Segundo Cezar e Abrantes (2003, p. 06), a Declaração de Wingspread, de 1996, da Convenção sobre o Princípio da Precaução, define que,

“quando uma atividade gera ameaças de dano à saúde humana ou ao meio ambiente, medidas de precaução devem ser tomadas mesmo se algumas relações de causa e efeito não são completamente estabelecidas cientificamente. Nesse contexto, o proponente de uma atividade, mais do que o público, deve ter o ônus da prova.”

Entre as várias definições há algo de comum a ser identificado. Na esteira das reflexões epistemológicas realizadas pelos citados autores, são quatro esses pontos: a) ameaça de dano; b) inversão do ônus da prova; c) incerteza científica e d) medidas de precaução (CEZAR e ABRANTES, 2003).

O princípio da precaução se aplica quando não há certeza científica suficiente que um agente causará ou não um dano ambiental ou à saúde humana devido a sua conduta.

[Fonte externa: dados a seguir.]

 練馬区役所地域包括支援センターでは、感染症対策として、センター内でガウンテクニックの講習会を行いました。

Difere-se do princípio da prevenção, onde há certeza do dano causado. Diante de um contexto de incidência do princípio da precaução, devem ser tomadas medidas eficazes e economicamente viáveis para proteger o meio ambiente.

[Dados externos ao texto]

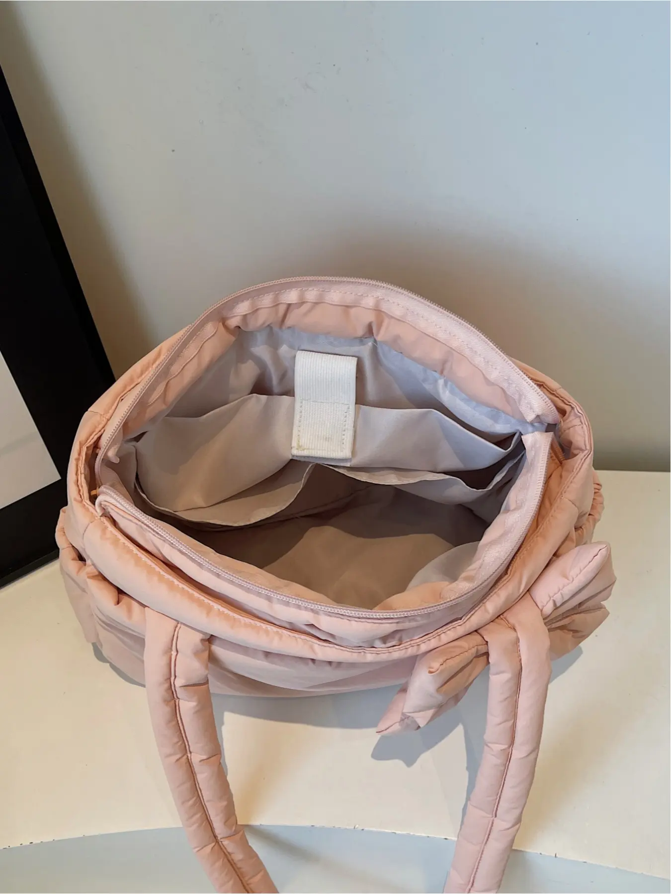 this is such a cute bag i take it everywhere with me you can actually fit a lot of things in here like a barbell pad my ipad fits in here perfectly too its a 13inch it has a pretty spacious side pocket i usually put my water in there or things i need quick access too definitely get this bag😜😜😜

Isso significa que a ausência ou a insuficiência de dados científicos disponíveis implicam o uso de medidas precautórias para evitar a ameaça e/ou danos ambientais irreversíveis. Nesse sentido, Kinderlerer e Adcock (2005) assinalam que, com base na abordagem precautória, os estudos ambientais sobre os OGM são muitas vezes realizados em ambientes diversos daqueles onde estes serão liberados.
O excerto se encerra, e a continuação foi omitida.